Discarded items are routinely stored within attics, then forgotten only to be discovered during a later investigation. Seemingly worthless debris may help answer many questions. Photo: Travis C. McDonald, Jr.
If a building has been raised or lowered in height, evidence of change would be found in the attic as well as on the exterior. Evidence of additions might also be detected in both the attic and the basement. Attics frequently provide a "top-side" view at the ceiling below, revealing its material, manner of production and method of attachment. A "bottom-side" view of the roof sheathing or roof covering can be seen from the attic as well.

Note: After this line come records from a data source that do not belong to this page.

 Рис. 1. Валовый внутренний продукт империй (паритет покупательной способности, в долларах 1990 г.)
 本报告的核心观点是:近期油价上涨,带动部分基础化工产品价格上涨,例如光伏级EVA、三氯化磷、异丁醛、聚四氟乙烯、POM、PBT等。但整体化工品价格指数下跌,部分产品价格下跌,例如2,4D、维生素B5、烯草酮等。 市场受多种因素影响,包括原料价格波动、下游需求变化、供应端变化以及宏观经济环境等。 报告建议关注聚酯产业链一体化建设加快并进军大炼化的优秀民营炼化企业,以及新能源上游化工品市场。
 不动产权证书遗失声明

Basements generally relate more to human service functions in earlier buildings and to mechanical services in more recent eras. For example, a cellar of an urban 1812 house disclosed the following information during an investigation: first period bell system, identification of a servant's hall, hidden fireplace, displacement of the service stairs,
identification of a servants' quarters, an 1850s furnace system, 1850s gas and plumbing systems, relocation of the kitchen in 1870, early use of 1890s concrete floor slabs and finally, twentieth century utility systems. While the earliest era had been established as the interpretation period, evidence from all periods was documented in order to understand and interpret how the house evolved or changed over time.

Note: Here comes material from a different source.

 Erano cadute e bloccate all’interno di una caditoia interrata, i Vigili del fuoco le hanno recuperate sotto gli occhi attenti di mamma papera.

Mechanical, Electrical, Plumbing and Other Systems. Systems of utility and convenience bear close scrutiny during investigation. All historic buildings inhabited and used by people reveal some association, at the very minimum, with the necessities of lighting, climate control, water, food preparation, and waste removal. Later installations in a building may include communication, hygiene, food storage, security, and lightning protection systems. Other systems, such as transportation, are related to more specific functions of commercial or public structures. Although research into the social uses of rooms and their furnishings has borne many new studies, parallel research into how people actually carried out the most mundane tasks of everyday life has been fairly neglected. Utility and convenience systems are most prone to alteration and upgrading and, at the same time, less apt to be preserved, documented or re-used. Understanding the history or use of a building, and the history of systems technology can help predict the physical evidence that might be found, and what it will look like after it is found.